In their first year, Led Zeppelin released two albums and completed four US and four UK concert tours. As their popularity exploded, they moved from ballrooms and smaller clubs to larger auditoriums, and eventually started selling out full arenas. Throughout the 1970s, Led Zeppelin reached new heights of commercial and critical success, making them one of the most influential groups of the era, both in musical style and in their approach towards the workings of the entertainment industry. They added extravagant lasers, light shows, and mirror balls to their performances; wore flamboyant and often glittering outfits; traveled in a private jet airliner and rented out entire sections of hotels; and soon become the subject of frequently repeated stories of debauchery and destruction while on tour.
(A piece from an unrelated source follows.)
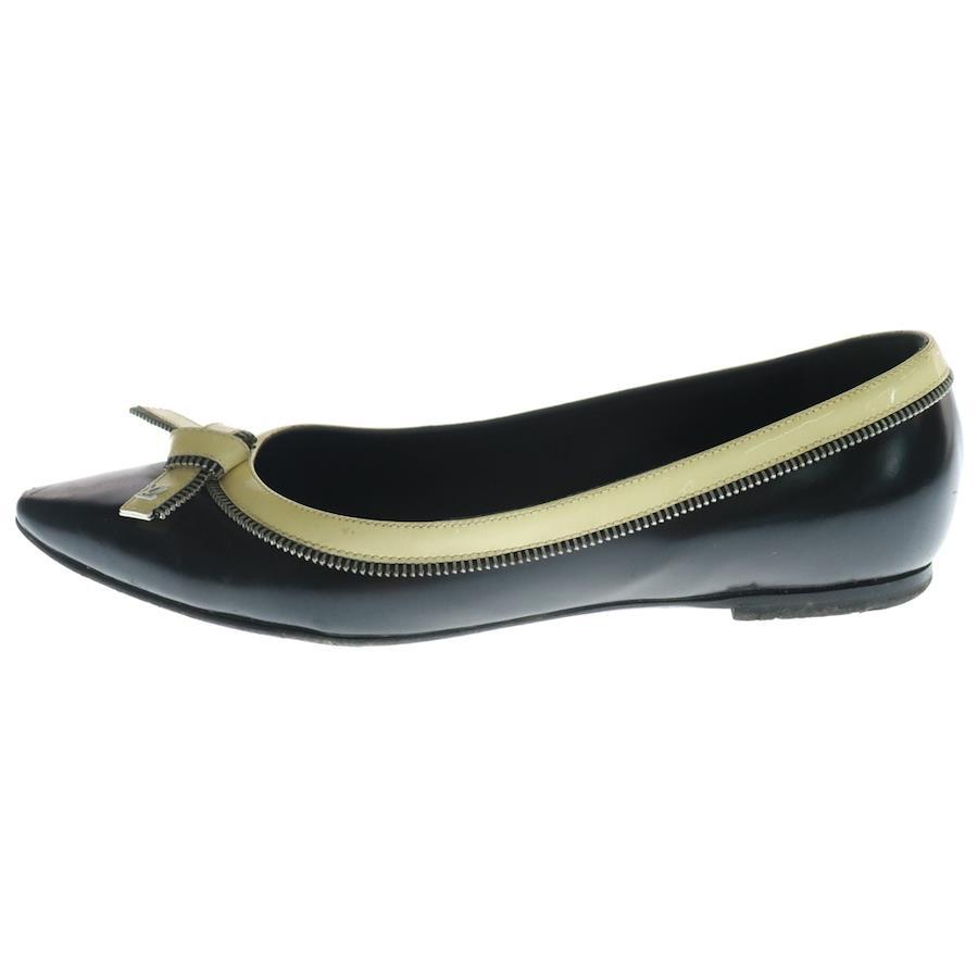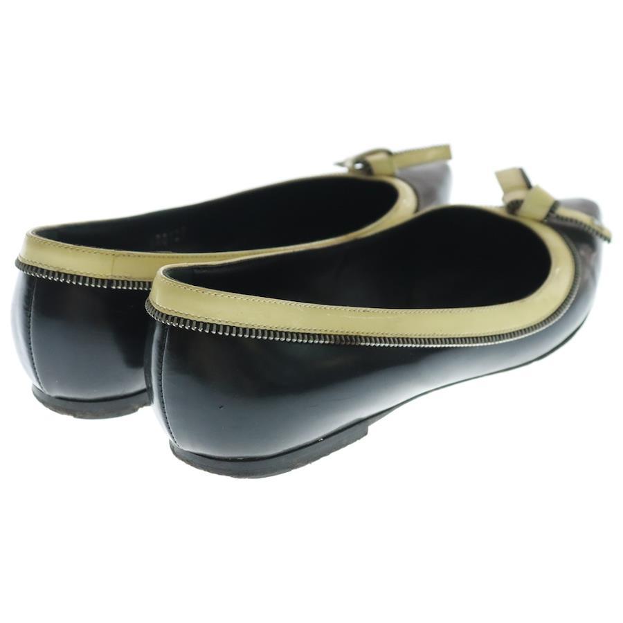 [モデル]ポインテッドトゥ ロゴリボン 装飾 レザー フラット パンプス ブラック BR0125 レディース

In 1977, the group performed what would be their final live appearance in the US, following months of rising fervor and rioting from their fandom. And in September of 1980, Bonham-plagued by alcoholism, anxiety, and the after-effects of years of excess-was found dead by his bandmates.
 
To this day, Bonham is posthumously described as one of the most important, well-known, and influential drummers in rock, topping best of lists describing him as an inimitable, all-time great. As Adam Budofsky, managing editor of Modern Drummer, explained, "If the king of rock 'n' roll was Elvis Presley, then the king of rock drumming was certainly John Bonham."

Excerpt

FOREWORD

“OK, Dave… you ready?”

Andrea’s thick Italian accent hung in the air of the cold, cavernous warehouse as I nervously took one last hit off my joint, nodded yes, and waited for the sharp, electric buzz of his homemade tattoo gun (fashioned from a salvaged doorbell machine) to fill the room. This was no sanctioned, licensed tattoo parlor, mind you. It was an abandoned post office in downtown Amsterdam by the name of “Van Hall” that a group of punks had squatted in in the mid-’80s, currently serving as a home base for my band Scream during my first European tour at the tender age of eighteen. Not the most sterile setting for such a surgical procedure, but like most fledgling rock ’n’ rollers, I had longed to be branded for years. Within seconds, the burn of the needle sent chills down my spine as it sank into the soft flesh of my right shoulder, but I remained still, focusing on the searing pain while Andrea’s hand gracefully traced the intricate pattern that I had carefully chosen to be my very first tattoo: the John Bonham “three circles” logo.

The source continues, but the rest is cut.